A tribunal upheld J’s claim. It reasoned that, had both J and B been dismissed for what were proven (and unarguable) acts of gross misconduct, then both dismissals would have been fair. However, it considered that there was an unreasonable inconsistency in treatment between J and B. In particular, the tribunal considered that H had not been entitled to conclude that the text messages sent by B were in ‘immediate response’ to J punching him; and that the ‘defence of provocation’ was applied differently to B. There was thus a disparity of treatment which rendered J’s dismissal unfair. MBNA Ltd appealed to the EAT.

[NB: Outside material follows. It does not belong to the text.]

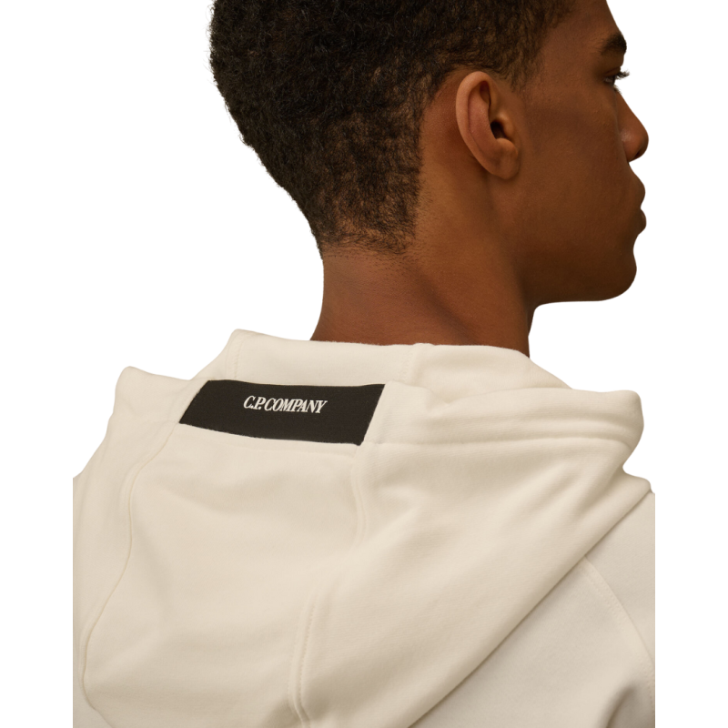 CP COMPANYSweat-shirt à capuche polaire coton relief diagonal blanc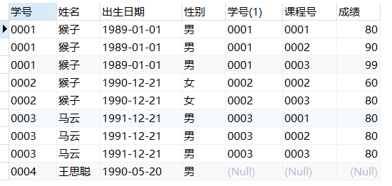- 9.查询学过编号为“0001”的课程并且也学过编号为“0002”的课程的学生的学号、姓名

The EAT allowed the appeal. It pointed out that, when considering a claim of unfair dismissal based on disparity, the tribunal must focus on the treatment of the employee bringing a claim – if it was reasonable for the employer to dismiss this employee, the mere fact that the employer was unduly lenient to another employee is neither here nor there. Following Hadjioannou v Coral Casinos Ltd 1981 IRLR 352, EAT, an employer’s decision made in a truly parallel case may support the argument that it was not reasonable to dismiss the employee, but it will be rare for the facts to be sufficiently similar. Here, the tribunal had erred by considering whether MBNA Ltd was unreasonably lenient in B’s case – it should have focused on its treatment of J. It also erred in finding that the ‘defence of provocation’ was applied inconsistently. The tribunal had apparently concluded that MBNA Ltd made different decisions in indistinguishable circumstances but this was not the correct legal test. The tribunal had permissibly found that J’s misconduct was sufficient to warrant dismissal. Applying the Hadjioannou test, it would have been perverse for it to treat a deliberate punch in the face at a work event as sufficiently similar to threats made by text thereafter. There was therefore no question of disparate treatment and so the conclusion had to be that the dismissal was fair. A finding of fair dismissal would therefore be substituted for the tribunal’s decision.